Algo similar ocurre con nuestras relaciones: el internet nos permite estar en contacto más prontamente con un universo inmensamente mayor de personas del que podríamos a través de los medios tradicionales, pero la calidad de esos vínculos tiende a empobrecerse. A través de las redes sociales hemos desarrollado la noción de amigos virtuales, es decir de personas con las que estamos vinculados mediante el internet, pero con las cuales jamás hemos interactuado presencialmente y a quienes en puridad conocemos poco.
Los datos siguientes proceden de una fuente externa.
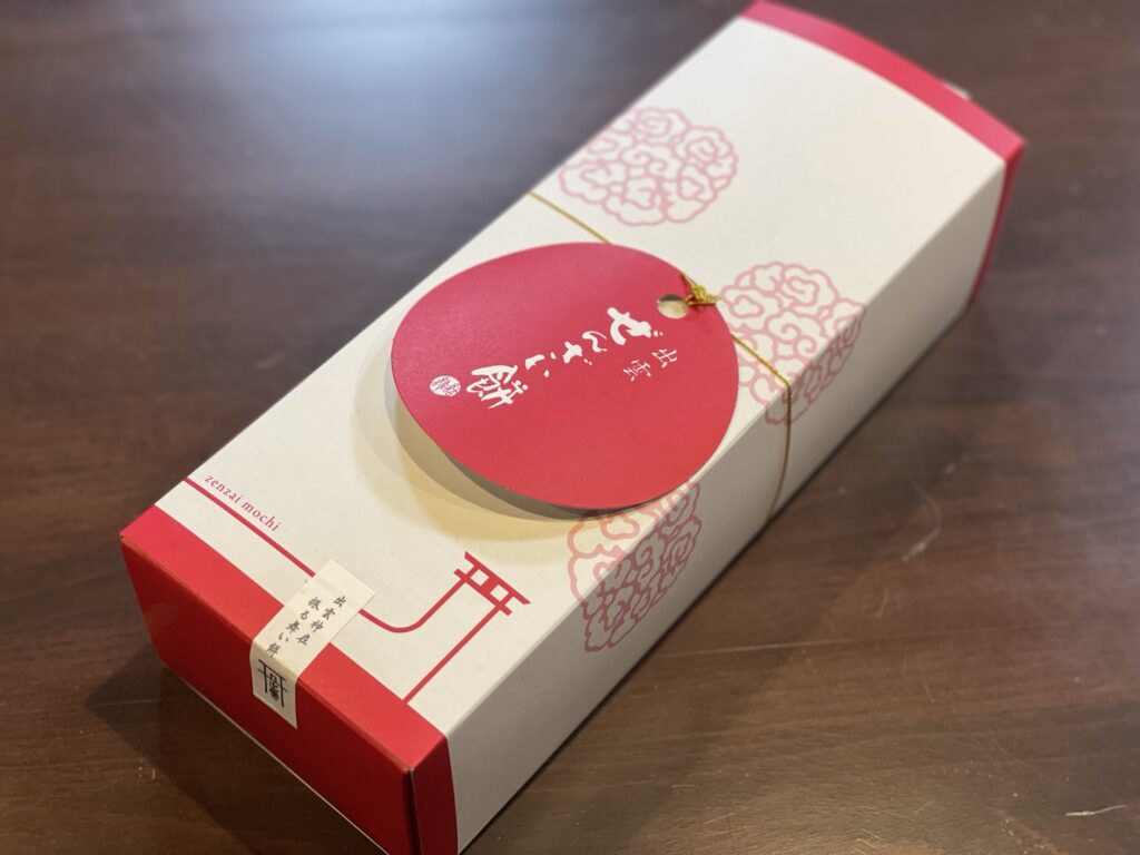 ご縁の町、出雲大社正門前限定で販売している縁起の良いぜんざい餅。

No debe llamar a sorpresa el muy sustancial incremento registrado en la última década de casos de angustia mental, depresión y pensamientos y acciones suicidas entre adolescentes y jóvenes, en Estados Unidos y otros países, atribuible a su sobreexposición al uso de redes sociales en desmedro de las relaciones interpersonales directas y sustanciales.
Además, paradójicamente, el internet, al ensanchar las posibilidades de proyección hacia nuestros entornos inmediatos y lejanos, nos va haciendo cada vez más vulnerables frente a riesgos como los de pérdida de privacidad, de ilegitima apropiación de la identidad personal, de variados tipos de fraudes, de informarnos fidedignamente, o de pérdida de capacidad para ejercer la libertad de expresión, todos ellos consagrados dentro del elenco normativo de los derechos humanos.
El internet también nos permite acceder a un universo de datos extraordinariamente mayor al que teníamos alcance antes de su existencia, pero está induciendo a generar una gran variedad de distorsiones cognitivas, pues nos induce a restringir las fuentes de información según nuestras preferencias privándonos de la necesaria exposición a la diversidad, y nos brinda datos sin la mediación analítica de los medios tradicionales. Esto está fomentando en todos los países y entornos sociales fenómenos de radical polarización política e ideológica. Al propiciar que nos informemos solamente a través de fuentes afines al pensamiento propio excluyendo otras perspectivas de pensamiento distintas, el internet refuerza nuestras convicciones y nuestra diferenciación respecto a quienes piensan distinto, aún a pesar que nuestro punto de vista pudiera estar basado en informaciones falsas o sesgadas. El “efecto túnel” y los “fake news” son fenómenos que el internet ha engendrado como resultado de su facilitación de percepciones acríticas y nada plurales de la realidad; lo cual viene desbrozando el terreno para la radicalización, la intolerancia y la xenofobia entre las personas. La masacre de Christchurch, Nueva Zelanda, ocurrida el pasado viernes 15 de marzo, prueba con gran crudeza las nefastas consecuencias que el mal uso del internet puede acarrear.
Pero los males del internet vienen propagándose también en la esfera de las relaciones internacionales, facilitados en buena medida por la falta de mecanismos de gobernanza global de las tecnologías de la información y la comunicación. El internet se ha convertido aceleradamente en ingrediente fundamental de nuestro cotidiano quehacer, pero no estamos siendo capaces como civilización de establecer una autoridad internacional para gobernarlo, o de adoptar normas globales para regular su operación. Y los grandes monopolios privados del internet (Google, Amazon, Apple, etc.) solo alcanzan a exhibir perplejidad e impotencia ante los retos que enfrentan como producto del impensado poder que han alcanzado. Es urgente propiciar la conversación global sobre cómo regular el internet para propiciar que siga siendo vehículo de bienestar y progreso, pero impidiendo se convierta en herramienta de desmedido ensimismamiento, o de destrucción, intolerancia y vulneración de derechos humanos.